■ Aim of the task ■
Skip the images and print the listing exactly.

■ Data shown ■
....................

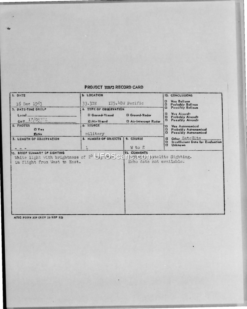A 1963 military report documents a sighting of a white light in the Pacific, which was officially concluded to be a probable satellite. The report was circulated among various US military and intelligence commands.
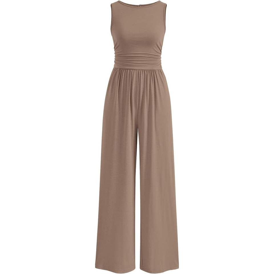 Custom Women's One-Piece Jumpsuit Print Decorated Sleeveless Crewneck Wide Leg Romper Dressy Casual Vacation Summer Outfit
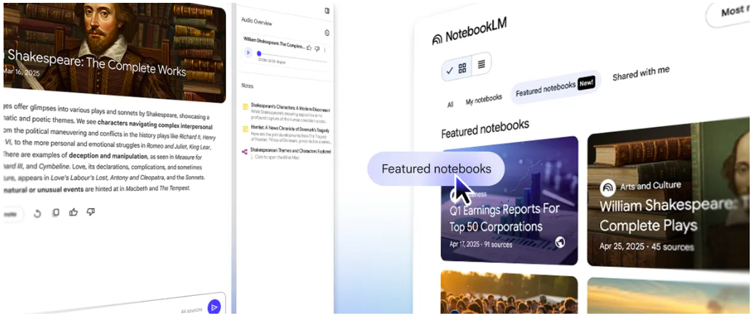 多知7月18日消息,近日,為提升用戶(hù)信息檢索效率,谷歌方面宣布,其正與全球的作家、研究人員、出版物和非營(yíng)利組織合作,在NotebookLM中打造“featured notebooks”(精選筆記本)。這些筆記本預(yù)裝了研究?jī)?nèi)容,并允許用戶(hù)與應(yīng)用的工具(包括 AI 播客制作器)進(jìn)行交互,以了解有關(guān)每個(gè)主題的更多信息。

....................

■ Problem solution ■
A 1963 military report documents a sighting of a white light in the Pacific, which was officially concluded to be a probable satellite. The report was circulated among various US military and intelligence commands.
 Custom Women's One-Piece Jumpsuit Print Decorated Sleeveless Crewneck Wide Leg Romper Dressy Casual Vacation Summer Outfit
 多知7月18日消息,近日,為提升用戶(hù)信息檢索效率,谷歌方面宣布,其正與全球的作家、研究人員、出版物和非營(yíng)利組織合作,在NotebookLM中打造“featured notebooks”(精選筆記本)。這些筆記本預(yù)裝了研究?jī)?nèi)容,并允許用戶(hù)與應(yīng)用的工具(包括 AI 播客制作器)進(jìn)行交互,以了解有關(guān)每個(gè)主題的更多信息。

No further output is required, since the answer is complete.